Defending democracy with clarity

03-10-2023
In a joint submission, ECNL and The Good Lobby provide feedback on the European Commission’s Defence of Democracy package.

Consider this: you are a civil society organisation that advocates for better protection of rights. You do that by carrying out research activities, launching campaigns and petitions, or releasing public statements that propose policy initiatives. Your funding comes from individuals, business donors and diverse grant making organisations, registered both in and outside of the EU. Because you also receive funds from countries outside the EU, if the Defence of Democracy (DoD) is adopted, anything you publish might be considered as an attempt to influence public opinion, and therefore you will need to register in the “foreign interest representative” registry. This label might stigmatise your organisation. This will affect your ability to seek and receive resources, because your funders may not want negative perception. To make things worse, professional lobbyists, who actually do influence decision makers and public policy directly, may find it pretty easy to circumvent these rules to conceal the origin of their funding and go under the radar: they can easily register a company within an EU member state (e.g. in Estonia it can be done rapidly and fully online) and channel their funds through an EU company, so it will not fall under foreign interest representation anymore. 

This is a likely scenario in case the European Commission is to adopt a “foreign interest representative” registry under the DoD package, with a broad and vague scope, encompassing a range of organisations, including those from civil society or academia.  



Unequivocal and narrow definitions are needed as a necessary precondition for assessing the impact of policy options 

Only after a strong call from civil society for a fully-fledged impact assessment, the Commission launched a consultation on different policy scenarios prior to releasing the DoD. However, it has not clearly defined the declared object of the proposed interventions – namely, what is interest representation carried out on behalf of third countries, which seek to influence policy, legal or decision-making processes in the EU. This has made it difficult to answer many questions in the consultation that ask stakeholders to provide practical examples of how these activities take place and their potential problematic impact. Considering that the proposed package will affect fundamental rights, the proposal must approach any solution with the nuance necessary to ensure that restrictions to freedoms are legitimate, proportionate, and necessary in a democratic society. 

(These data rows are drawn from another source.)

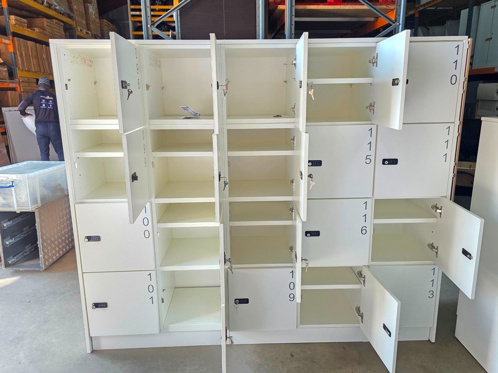 🔐 20 Door Locker Storage Unit – White with Combination Locks & Adjustable Shelves
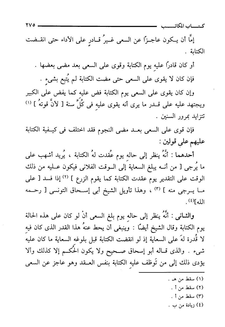 والثانى: أنَّهُ ينظر إلى حالهِ يوم بلغ السعى أنْ لو كان على هذه الحالة يوم الكتابة وقال الشيخ أيضًا: وينبغى أن يحط عنهُ هذا القدر الذي كان فيه لا قُدرة لهَ على السعاية إذ لو انقضت الكتابة قبل بلوغه السعاية ما كان عليه شىء. والذي قاله أبو إسحاق صحيح ولا يكون الحُكم إلا كذلك وألا يؤدى ذلك إلى من تَوظف عليهِ الكتابة بنفس العقد وهو عاجز عن السعى
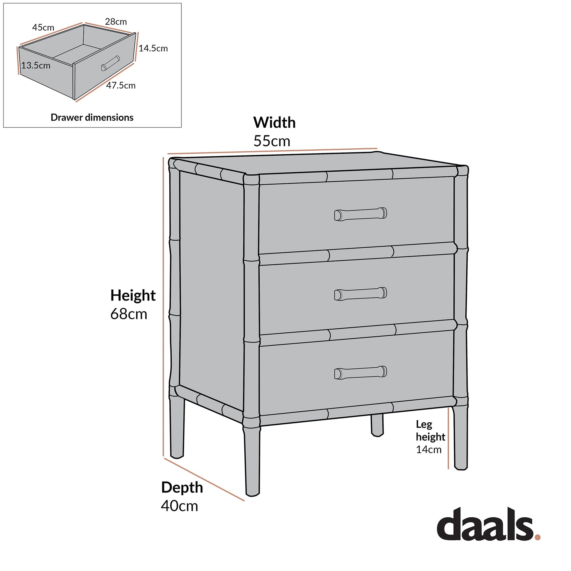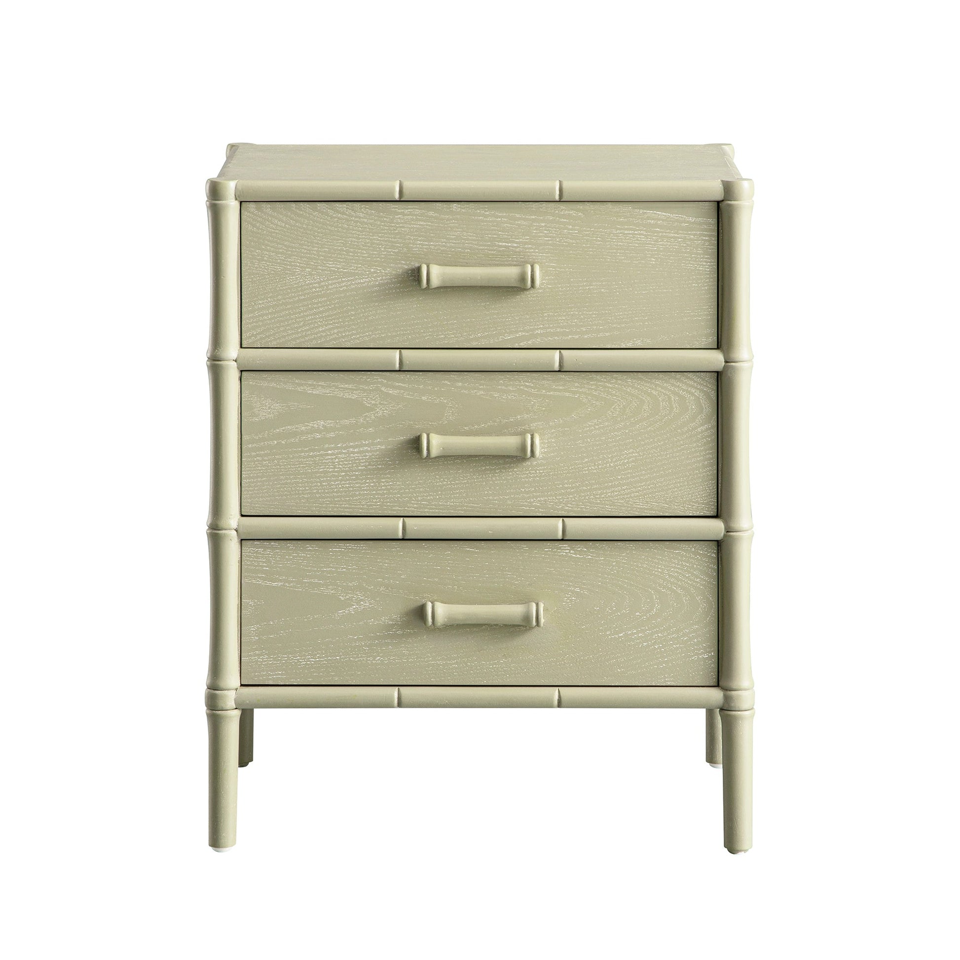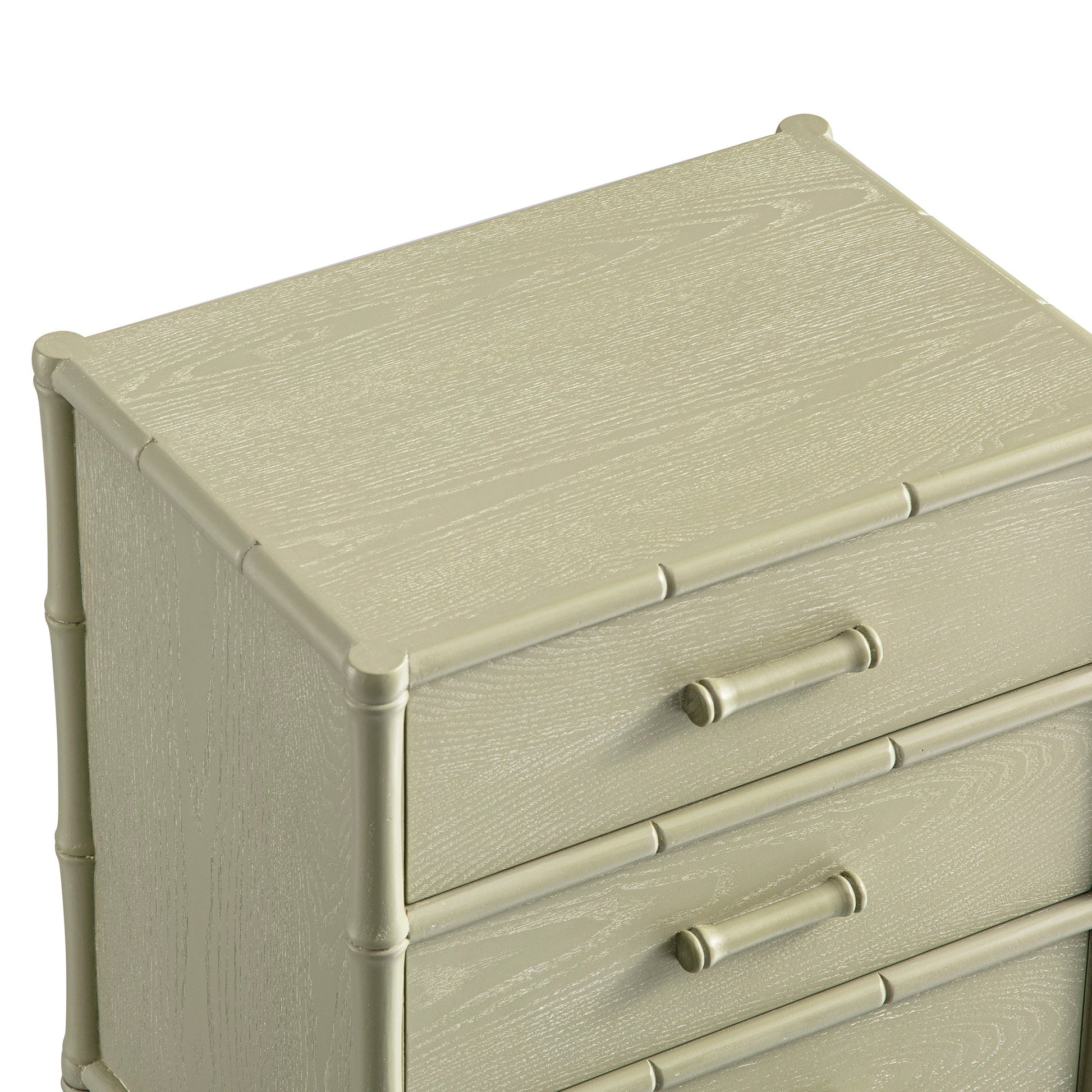 Elstowe Faux Bamboo 3-Drawer Bedside Table, Sage Green
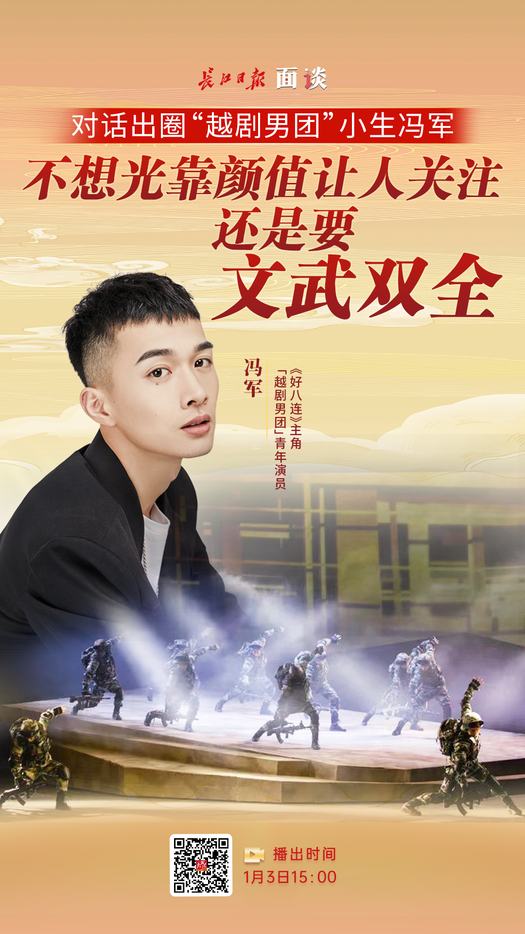 近日,“越剧男团出道”备受网友关注,他们来自上海越剧院,最近上演了现代戏《好八连》。如今广为流传的越剧以女演员为多数,男生在越剧界很少见。“越剧男团”青年演员、《好八连》主角冯军外形出众,有过两年消防兵的经历。1月3日,他做客《面谈》分享演出传统戏曲的感受。(点击下图回看直播)
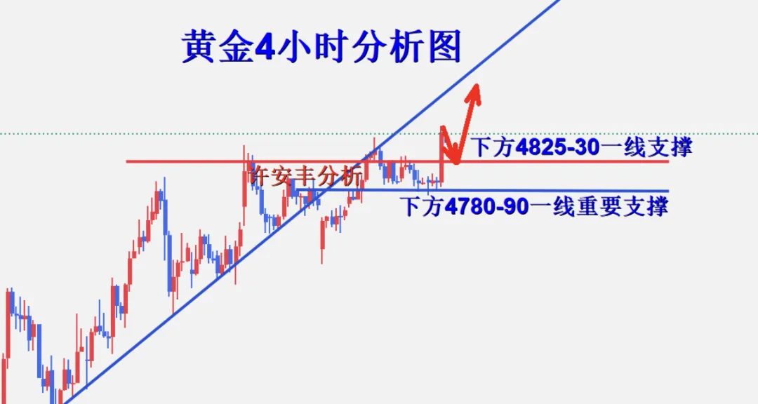 本周市场最引人注目的事件莫过于中东局势的戏剧性变化。伊朗宣布在停火期间“完全开放”霍尔木兹海峡,美国总统特朗普也对此予以确认。按照传统教科书式的逻辑,这一消息应导致避险情绪降温,金价随油价一同下跌,周五金价最高到达4891.6附近位置,但是下方支撑比较坚挺,多头未失防线,上方压力4900一线关口位置,下方支撑首要支撑于4785-90附近,短线MACD红柱持续放量,多头有冲击4900关口的力量,等待调整后多头再进行新一轮的冲高,具体操作点位以老许实时布局为准!关注老许,带你走出操作困局!如果你目前操作不理想,希望许安丰能让你的投资少走弯路,欢迎前来沟通交流!
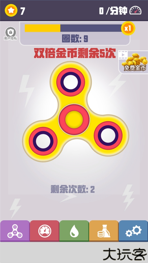 2、当玩家达成上方的圈数要求即可获得金币,点击右下角的陀螺图标即可解锁更多的指尖陀螺样式。

The Commission has not provided evidence of actual and concrete threats to EU democracies to underpin their proposed policy options and impact on fundamental rights in case they adopt it. It is also unclear why the proposed options have an exclusive focus on foreign influence from third countries only in order to shield “ourselves from malign interference”. “Malign interference”, which is already a dangerously overbroad definition in and of itself, may originate from activities of entities both outside and inside the EU and can take many forms. In addition, policies that replicate all or part of the “foreign influence” law models have proven harmful consequences for CSOs. We have seen this in a variety of countries globally. One of the worst problems with “foreign agent/foreign influence” laws is their flawed underlying premise that foreign funding is automatically linked to foreign interference. This is fundamentally untrue. Moreover, it leads to inevitable stigmatisation, which is especially problematic in the case of CSOs, whose good name is their key asset. 

A different approach is needed

  • It is important to develop a crystal-clear and narrow definition of "interest representation." 
  • Regulatory initiatives must be risk-based and consider specifically what impact these will have on the rights of freedom of association, expression, and participation. 
  • Measures must consider what is the proportionate response to that risk, including special considerations for the civil society sector. 
  • Transparency requirements should take into consideration the right to privacy. This is especially crucial for members of CSOs in sensitive environments, and equally so for donors who support organisations championing causes like LGBTIQ rights and anti-corruption.